Screening The universe is decided before the trade
An agent admitting an instrument to the permissible universe is applying the board’s screen, not its own judgement. The screen must be machine-readable and the agent must be unable to widen it by inference — “this looks close enough to what the board approved” is exactly the failure the discipline exists to prevent.
Structuring Murabaha, ijara, sukuk — step by governed step
Structure workflows have ordered, ruled-on steps. An agent may prepare and sequence them; it may not silently substitute a step, reorder what the ruling assumed, or improvise an economically-equivalent shortcut. Equivalence is a ruling, not an optimisation.

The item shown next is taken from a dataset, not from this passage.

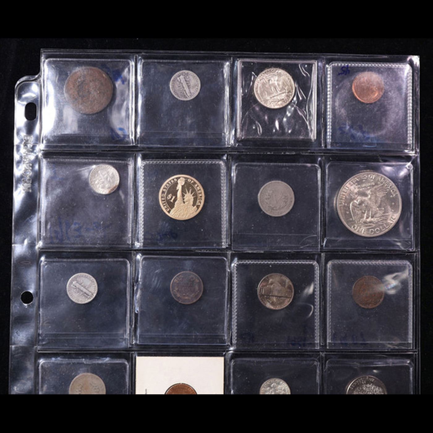20 Collectible Coins Including Silver, Mercury, Barber, Bust, Flying Eagle, Indian, Large Cent, Proofs and More!. We have received a huge collection of over 10 thousand US coins in flips, 2x2 holders, and 20 coin pages. We are forced, due to limited lots, to sell this collection in pages of 20 coins. All of the pages include Silver Coins. Most contain Indian Cents, Proof Coins, Barber Coinage, Bust Coinage, Lincoln Cents, Flying Eagles, Jefferson Nickels, Roosevelt Dimes, Buffalo Nickels, Eisenhower Dollars, Kennedy Halves, Large Cents including some Draped Bust Large Cents, Mercury Dimes, and Liberty V Nickels. These pages could not be reviewed by anyone in our office due to time constraints. We estimate the value of each page to meet or exceed $400 in value! Good luck and happy hunting.

Rebalancing Held inside the screen, continuously
Markets move; holdings drift toward the edge of the screen. The agent that rebalances at 3 a.m. must be checking the live mandate at 3 a.m. — not the version cached at onboarding. Drift into non-compliance is a governance event, not a rounding error.
Finality Reserved acts wait for the board
Approving a structure, certifying a product, ruling on a contested screen — reserved acts stay advisory in the agent’s hands until a named member of the board makes them final. Speed applies to everything before that moment. Never to the moment itself.
Record The board can look back — and reproduce the answer
Every consequential act keeps its chain: which mandate applied, which screen ran, who made it final. Months later, the board and the auditor can replay the question “was this within the mandate?” and get the same answer — from the record, not from recollection.